*** THE DATA ***
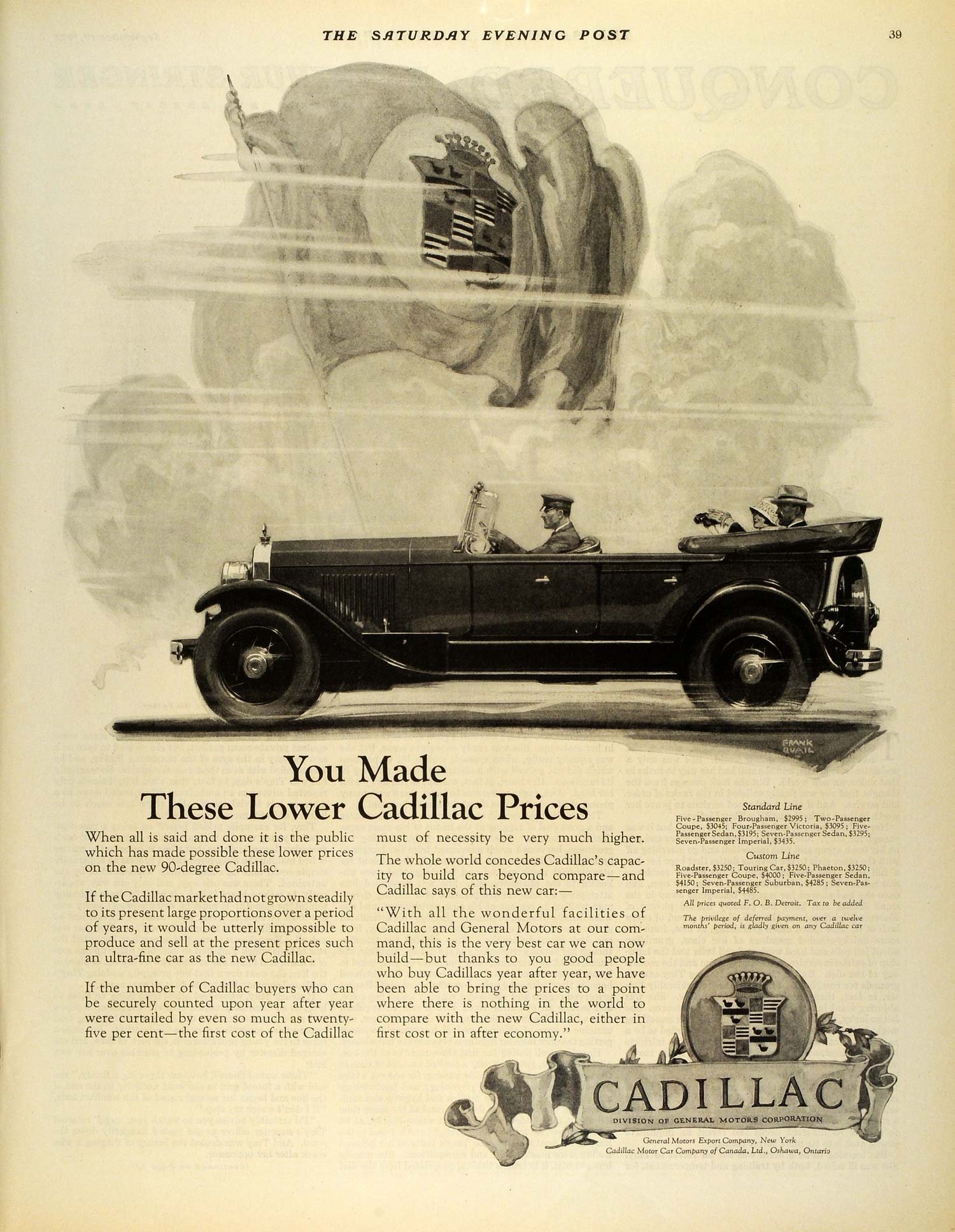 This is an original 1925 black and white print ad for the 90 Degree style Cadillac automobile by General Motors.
*** End of THE DATA ***
*** THE DATA ***
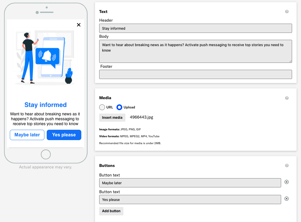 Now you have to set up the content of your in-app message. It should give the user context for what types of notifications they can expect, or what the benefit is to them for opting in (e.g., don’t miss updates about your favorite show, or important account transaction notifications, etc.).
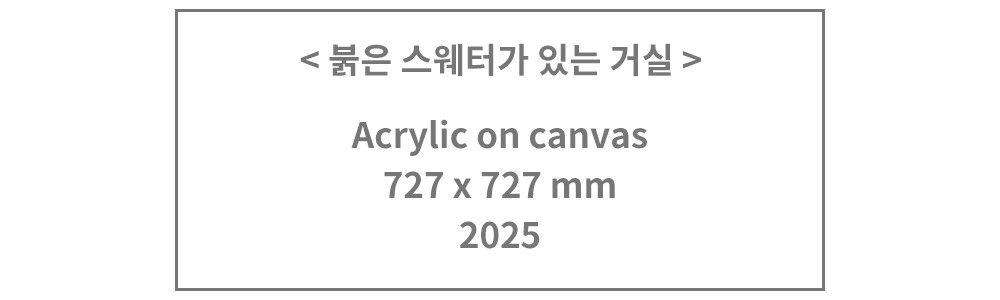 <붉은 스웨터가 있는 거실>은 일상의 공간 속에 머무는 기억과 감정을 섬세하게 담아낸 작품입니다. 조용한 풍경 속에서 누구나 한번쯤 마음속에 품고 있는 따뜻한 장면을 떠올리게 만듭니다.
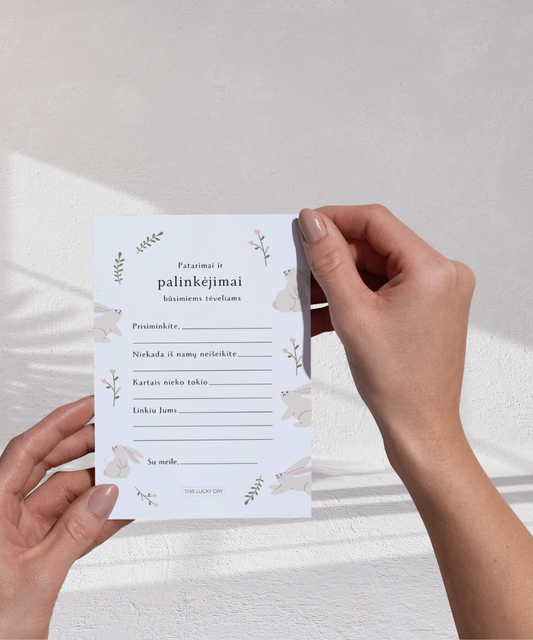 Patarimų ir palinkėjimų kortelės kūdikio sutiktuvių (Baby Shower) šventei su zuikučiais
*** End of THE DATA ***
THE PROBLEM -
What should come back is an exact copy of the lines above from the line with "<붉은 스웨터가 있는" to the line with "Patarimų ir palinkėjimų", both included, minus the pictures.

RESPONSE TO THE EXERCISE -
 <붉은 스웨터가 있는 거실>은 일상의 공간 속에 머무는 기억과 감정을 섬세하게 담아낸 작품입니다. 조용한 풍경 속에서 누구나 한번쯤 마음속에 품고 있는 따뜻한 장면을 떠올리게 만듭니다.
 Patarimų ir palinkėjimų kortelės kūdikio sutiktuvių (Baby Shower) šventei su zuikučiais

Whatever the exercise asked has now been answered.